1. Focus on exploitable vulnerabilities, not theoretical risks
2. Every finding must include a specific, actionable recommendation
3. Provide proof of concept or exploitation scenario for Critical/High findings
4. Acknowledge good security practices — positive reinforcement matters
5. Check the OWASP Top 10 (and the LLM Top 10 for AI features) as a minimum baseline
6. Review dependencies for known CVEs and supply-chain risk (typosquats, postinstall scripts)
7. Never suggest disabling security controls as a "fix"
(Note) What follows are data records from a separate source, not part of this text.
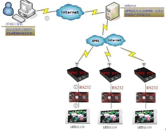 LED 显示屏的用途越来越广,一些广告屏或者交通屏等,由于数量多,分 布广,布线不方便,为解决这些难题,我公司成功研发了基于 GPRS 的 LED 显 示屏控制方案, 只要用户电脑能接入互联网,就能通过互联网找到接入 GPRS 网 络的控制卡,并控制显示屏的显示内容,实现异地控制,解决远距离传输和用一 台电脑控制多个 LED 显示屏的难题。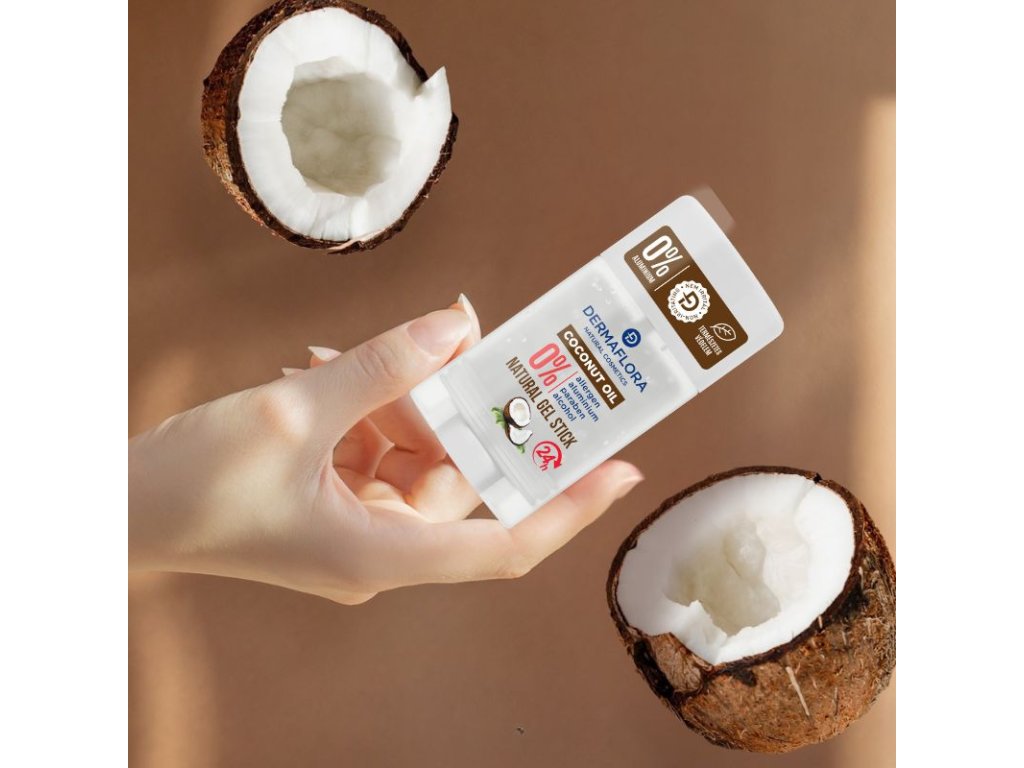 Gélový dezodorant Dermaflora s kokosovým olejom jemne ošetruje a deodoruje podpazušie. Umožňuje pokožke dýchať a pomáha obnoviť jej prirodzený obranný mechanizmus. Vďaka obsahu kokosového oleja hydratuje a upokojuje pokožku aj po holení. Nezanecháva škvrny na oblečení.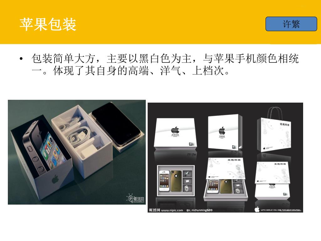 苹果包装 许繁 • 包装简单大方,主要以黑白色为主,与苹果手机颜色相统一。体现了其自身的高端、洋气、上档次。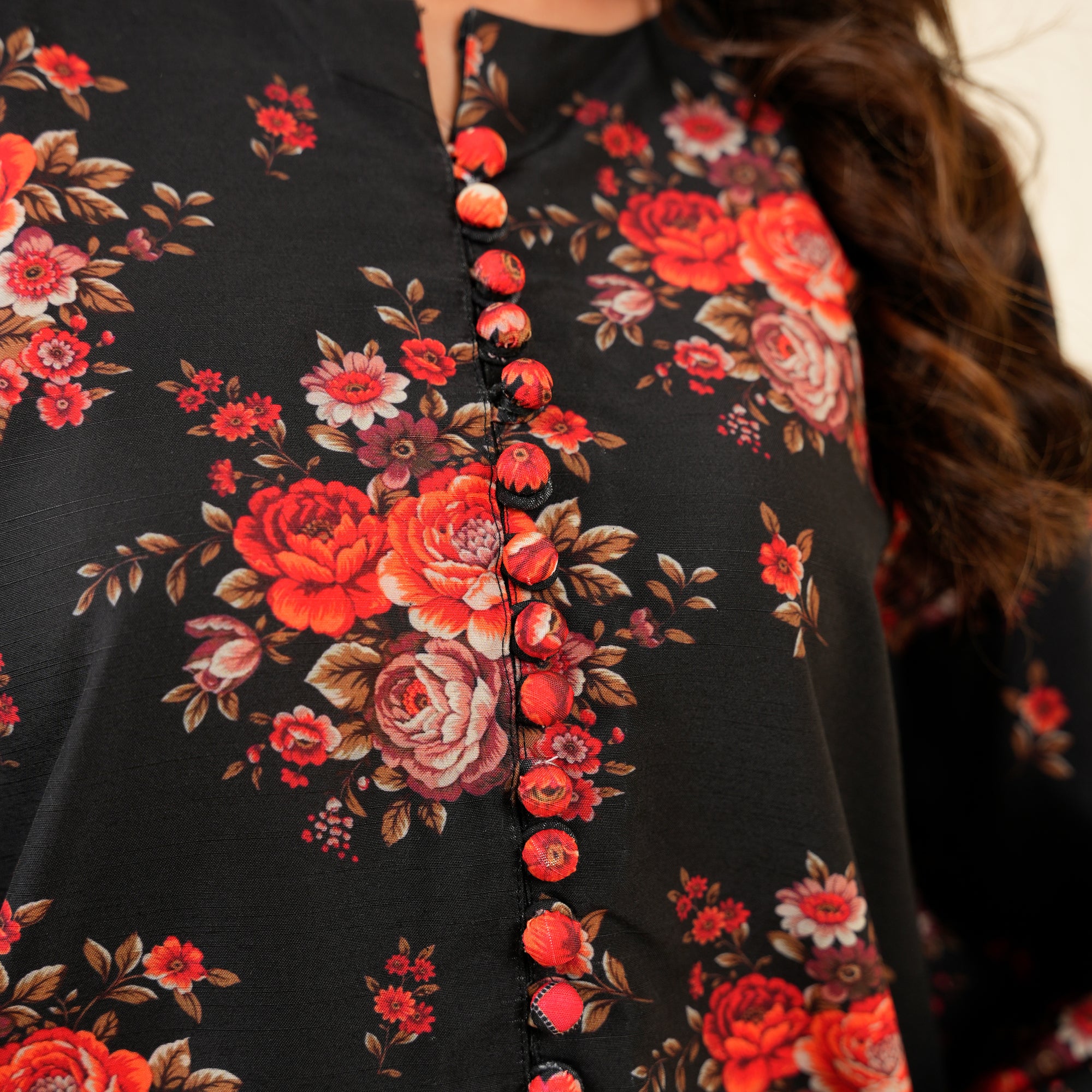 Showcasing a bold floral print 2-Piece inspired by rich, dark heritage textiles and crafted from premium-quality fabric, this stunning black two-piece suit is designed for the confident woman who seeks a striking yet comfortable look for evening gatherings and events.
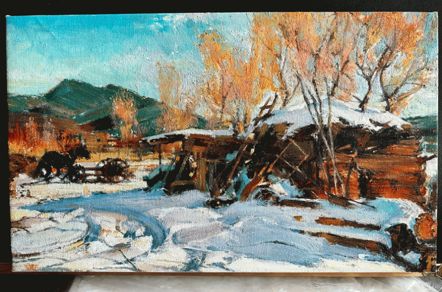 印象油畫-風景雪景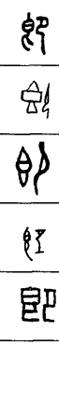 从上到下依次是小篆、甲骨文、金文、古玺及战国文字、缪篆及汉代文字、鸟虫篆。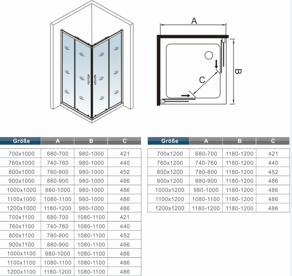 Willst du dein Bad aufwerten? Diese Duschkabine mit Eckeinstieg ist genau das Richtige! Mit 120x80cm Größe (einstellbar 1180-1200/780-800mm) und 185cm Höhe passt sie super in jede Ecke. Aus 5mm ESG Sicherheitsglas - richtig stabil und spritzwassergeschützt. Ohne Duschtasse - du kannst sie also sowohl auf ner vorhandenen Duschtasse als auch ebenerdig montieren. Das 8-Rollen-System macht das Öffnen und Schließen super leicht und leise. Und das beste: Die unteren Türrollen sind aushängbar - so kannst du die Tür ganz easy reinigen! Der Aluminiumrahmen ist hochwertig, glatt und kratzunempfindlich, der Türgriff aus robustem ABS-Kunststoff. Montagematerial ist schon im Lieferumfang dabei - also alles da, was du brauchst. Beidseitig montierbar, ob rechts oder links - total flexibel. Für alle, die sich ne moderne, praktische Dusche wünschen, die auch noch einfach zu reinigen ist. Mach dein Bad zum Wohlfühl-Ort! Einfach aufbauen und dich jeden Morgen über die praktische Dusche freuen.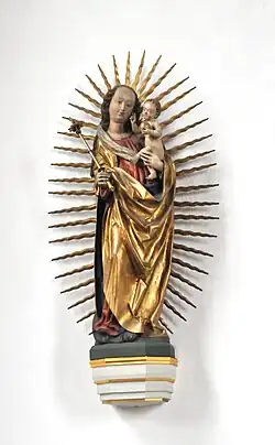 Eine der bedeutendsten Statuen in der Kirche ist die der Heiligen Maria, der Himmelskönigin. Die Statue ist eine barocke Holzfigur aus der Zeit um 1725. Sie war ursprünglich auf einem Holzgestell angebracht und wurde bei Prozessionen von den Gläubigen getragen. Die Statue soll der Schule des Tilman Riemenschneider entstammen. Heute schmückt sie die nördliche Emporenwand beim Taufbecken.

8. Start from trust boundaries — where untrusted data enters — and reason about each with STRIDE before enumerating findings

## Composition

- **Invoke directly when:** the user wants a security-focused pass on a specific change, file, or system component.
- **Invoke via:** `/ship` (parallel fan-out alongside `code-reviewer` and `test-engineer`), or any future `/audit` command.
- **Do not invoke from another persona.** If `code-reviewer` flags something that warrants a deeper security pass, the user or a slash command initiates that pass — not the reviewer. See [agents/README.md](README.md).